I laughed out loud at your "cream of MSG" casseroles assessment. So true. I had a friend in a somewhat similar situation, although it was *her* own friend and she kicked said friend to the curb after a few days of non-stop nonsense. I'm all about getting rid of passive-aggressive training. :)

MadMadameMim said... [reply]

I have to say that as a laurels Addvisor I am constantly chucking entire lessons and pulling out conference talks. The girls love it. Not to mention my "don't date to marry till you've been through a couple years of college", "gain a personal testimony of motherhood so they don't become a statistical depressed young mormon mom", and "even if you don't want to go on a mission you have just as much responsibility and need to develope knowledge and a testimony as the young men" lessons. Self assertiveness and self confidence is one of the things I try to teach these girls. I would say example is the best teacher and then teach them in various lessons to belive in them selves, feel of worth, and to stand up for what they belive and talk about how. The Joseph lesson is a great send off, just keep building. Some of hte greatest lessons are the little repeated phrases. Think of your mom living in your head, that is what really sticks with you. I have to say you struck a cord with me as far as teaching YW goes. But as I climb three flights of stairs down off my soap box let me just say that I love visiting teaching and the friendships it creats in my life.
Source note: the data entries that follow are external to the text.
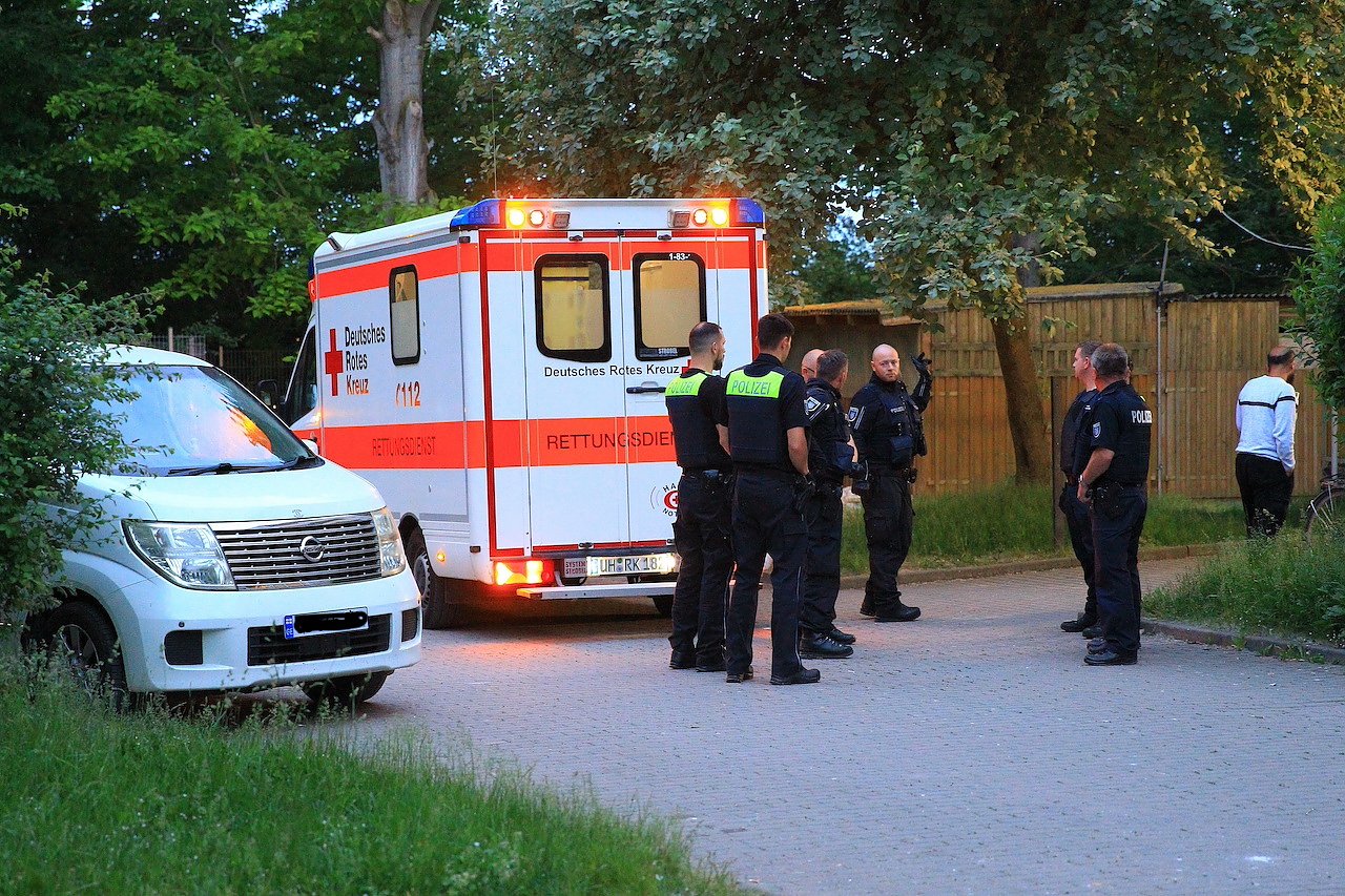 Von der Landeseinsatzzentrale der Polizei wurde auf Anfrage bestätigt, dass es am Abend eine Auseinandersetzung gegeben habe. Die Kollegen vor Ort seinen mit der Aufklärung beschäftigt. Im Polizeibebricht heißt es: In einer Gemeinschaftsunterkunft für Geflüchtete kam es am Dienstagabend zu einer Streitigkeit zwischen zwei Männern. Der Streit gipfelte gegen 20.45 Uhr in eine tätliche Auseinandersetzung, wobei ein 26-jähriger leicht am Hals verletzt wurde.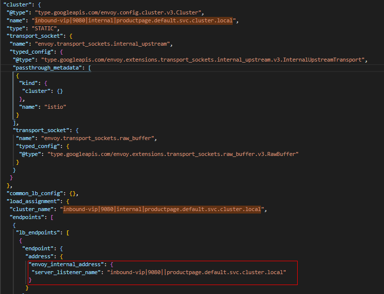 (2) ”inbound-vip|9080|internal|productpage.default.svc.cluster.local” Cluster是一个内部静态类型Cluster,其主要是将流量递交给内部VIP监听器”inbound-vip|9080||productpage.default.svc.cluster.local”,不做其他额外的处理。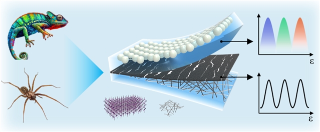 该研究报道了一种联合Marangoni自组装、等离子体刻蚀和粘性PDMS转移(MPT)的可拉伸光子晶体制备方法,构建了类似于变色龙虹彩细胞的变色结构。同时,模拟蜘蛛的裂缝器官和皮肤结构,集成了"裂纹-纤维"叠层的电阻式应变传感层,获得具有高灵敏度和宽工作范围的双功能光电子皮肤(PE-skin),该器件为可穿戴设备、健康监测和人机交互等领域带来了新的可能性。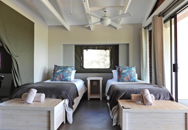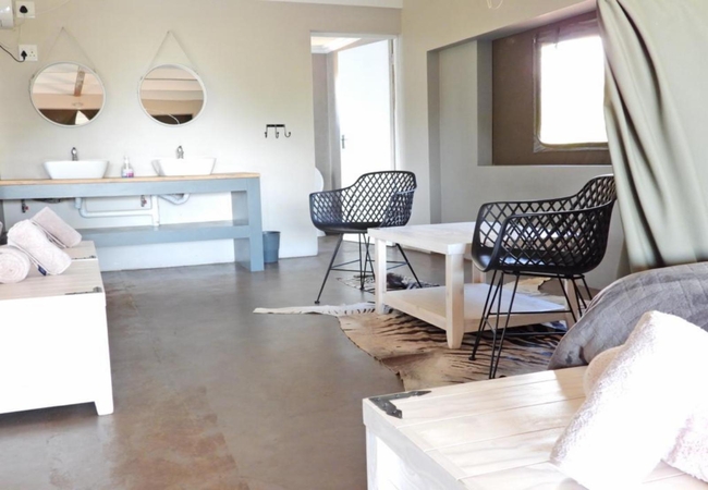 Newburg Luxury Bush Tents in Bela Bela can be booked individually or exclusively for a larger group. Each tent sleeps four guests in two rooms.

I love working with the YW and love that they consider me a friend.

Rynell said... [reply]

Well said.

I (thank heavens!) received my own assertiveness training from a close friend many years ago at the tender age of 19. She really did title it, "Assertiveness Training." I will be forever grateful. Chocolate and discussions about literature we deemed worthy were also keys to binding our friendship.

And I cannot believe the crap I used to put up with.

Anonymous said... [reply]

Um, I'm not sure what you mean by assertiveness in the younger (under 25) generation. They all seem to have more than enough from what I've encountered, but then I would be labeled as being more on the passive side. But even old dogs can (and are) learning new tricks.
In the VT vein, I finally got tired of a sister dissing me and I turned up at her office today with a loaf of bread from Great Harvest. I even interupted her on a conference call. If she hadn't come out for the bread, the rest of the ladies in the office would've gladly taken it off my hands. Last year I never would've done that. I have another single sister I visit that I usually take out to dinner. That always works as well.


TOWR said... [reply]

I have been touting an anti-roommate agenda FOR YEARS. I don't know why more people haven't jumped on the bandwagon. This way of life is simply fantastic. I highly recommend.

Frey said... [reply]

Ha! Does being a sister make them a legal replacement? Did she tell her work that her sister would be subbing for her for a few weeks?

I find it a little worriesome when sketchy roommate friends from "back home" show up to crash at our place. There are quite a few things in my room that I'd rather not be available to the general public thank you. If that's what I wanted I'd put my checks, valuables, electronics etc. out on a table in the front yard.